Segment Open

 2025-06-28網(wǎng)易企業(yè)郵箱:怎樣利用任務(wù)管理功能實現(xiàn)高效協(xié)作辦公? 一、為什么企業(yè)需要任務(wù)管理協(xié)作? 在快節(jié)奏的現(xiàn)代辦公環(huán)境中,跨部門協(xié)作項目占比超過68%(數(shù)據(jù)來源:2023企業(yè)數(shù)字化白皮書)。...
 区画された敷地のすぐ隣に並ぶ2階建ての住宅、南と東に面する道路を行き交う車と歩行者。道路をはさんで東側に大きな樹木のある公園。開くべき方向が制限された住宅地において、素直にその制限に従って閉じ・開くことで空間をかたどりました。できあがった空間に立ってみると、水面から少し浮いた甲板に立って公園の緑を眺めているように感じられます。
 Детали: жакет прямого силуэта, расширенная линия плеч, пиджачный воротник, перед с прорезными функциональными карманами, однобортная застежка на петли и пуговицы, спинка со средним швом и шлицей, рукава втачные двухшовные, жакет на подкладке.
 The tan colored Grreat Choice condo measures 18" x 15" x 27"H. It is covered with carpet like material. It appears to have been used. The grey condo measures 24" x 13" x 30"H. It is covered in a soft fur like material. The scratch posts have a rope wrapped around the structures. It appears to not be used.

Segment Closed
Segment Open

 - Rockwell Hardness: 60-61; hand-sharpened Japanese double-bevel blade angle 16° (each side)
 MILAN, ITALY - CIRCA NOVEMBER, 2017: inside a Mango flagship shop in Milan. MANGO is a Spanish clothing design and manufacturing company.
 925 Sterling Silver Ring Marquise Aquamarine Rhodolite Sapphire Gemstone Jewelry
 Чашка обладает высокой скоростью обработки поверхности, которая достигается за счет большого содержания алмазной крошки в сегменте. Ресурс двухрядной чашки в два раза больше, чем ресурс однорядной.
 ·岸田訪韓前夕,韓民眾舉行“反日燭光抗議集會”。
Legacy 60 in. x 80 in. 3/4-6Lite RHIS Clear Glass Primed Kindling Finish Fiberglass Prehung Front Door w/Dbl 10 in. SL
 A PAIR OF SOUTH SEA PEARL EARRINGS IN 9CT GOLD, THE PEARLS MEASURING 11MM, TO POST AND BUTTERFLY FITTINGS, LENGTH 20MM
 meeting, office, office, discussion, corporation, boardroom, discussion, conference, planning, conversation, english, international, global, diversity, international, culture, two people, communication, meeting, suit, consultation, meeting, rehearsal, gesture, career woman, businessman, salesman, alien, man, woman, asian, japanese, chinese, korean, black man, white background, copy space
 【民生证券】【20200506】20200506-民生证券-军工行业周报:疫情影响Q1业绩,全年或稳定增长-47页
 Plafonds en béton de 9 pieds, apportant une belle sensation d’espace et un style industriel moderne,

Segment Closed
Segment Open

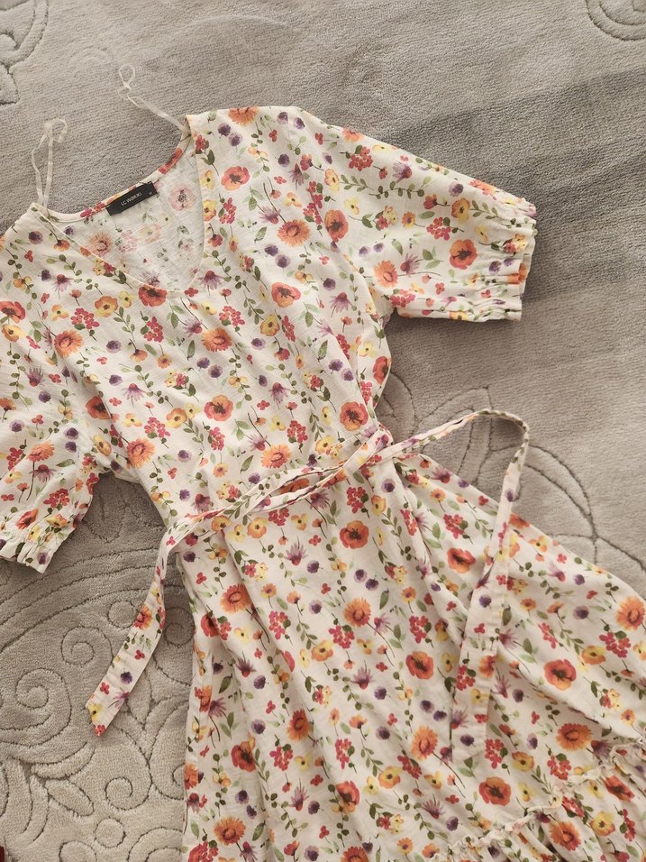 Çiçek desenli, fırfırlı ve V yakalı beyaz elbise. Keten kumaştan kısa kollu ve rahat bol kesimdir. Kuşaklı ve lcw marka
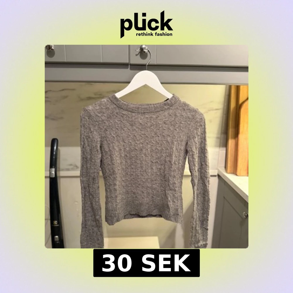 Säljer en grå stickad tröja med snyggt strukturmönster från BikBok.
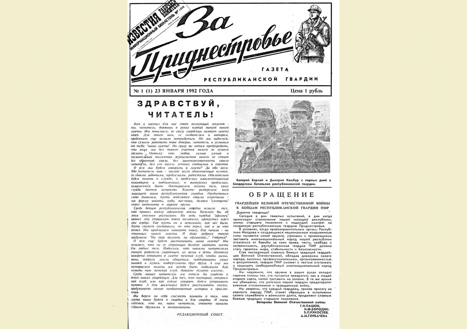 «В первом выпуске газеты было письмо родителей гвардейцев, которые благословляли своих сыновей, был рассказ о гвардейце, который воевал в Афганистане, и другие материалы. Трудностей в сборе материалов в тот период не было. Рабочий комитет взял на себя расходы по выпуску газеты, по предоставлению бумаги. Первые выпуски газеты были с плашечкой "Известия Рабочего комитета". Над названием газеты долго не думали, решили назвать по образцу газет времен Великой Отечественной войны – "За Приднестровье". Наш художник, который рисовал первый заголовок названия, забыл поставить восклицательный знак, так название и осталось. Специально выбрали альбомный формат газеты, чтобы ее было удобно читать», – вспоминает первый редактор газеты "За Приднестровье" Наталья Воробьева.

Segment Closed

*Goal of the exercise*
An exact copy of the lines above, from the one containing "Чашка обладает высокой" down to the one containing "Plafonds en béton" and including both, is the whole answer; retype it and nothing else.

*Solution to the exercise*
 Чашка обладает высокой скоростью обработки поверхности, которая достигается за счет большого содержания алмазной крошки в сегменте. Ресурс двухрядной чашки в два раза больше, чем ресурс однорядной.
 ·岸田訪韓前夕,韓民眾舉行“反日燭光抗議集會”。
Legacy 60 in. x 80 in. 3/4-6Lite RHIS Clear Glass Primed Kindling Finish Fiberglass Prehung Front Door w/Dbl 10 in. SL
 A PAIR OF SOUTH SEA PEARL EARRINGS IN 9CT GOLD, THE PEARLS MEASURING 11MM, TO POST AND BUTTERFLY FITTINGS, LENGTH 20MM
 meeting, office, office, discussion, corporation, boardroom, discussion, conference, planning, conversation, english, international, global, diversity, international, culture, two people, communication, meeting, suit, consultation, meeting, rehearsal, gesture, career woman, businessman, salesman, alien, man, woman, asian, japanese, chinese, korean, black man, white background, copy space
 【民生证券】【20200506】20200506-民生证券-军工行业周报:疫情影响Q1业绩,全年或稳定增长-47页
 Plafonds en béton de 9 pieds, apportant une belle sensation d’espace et un style industriel moderne,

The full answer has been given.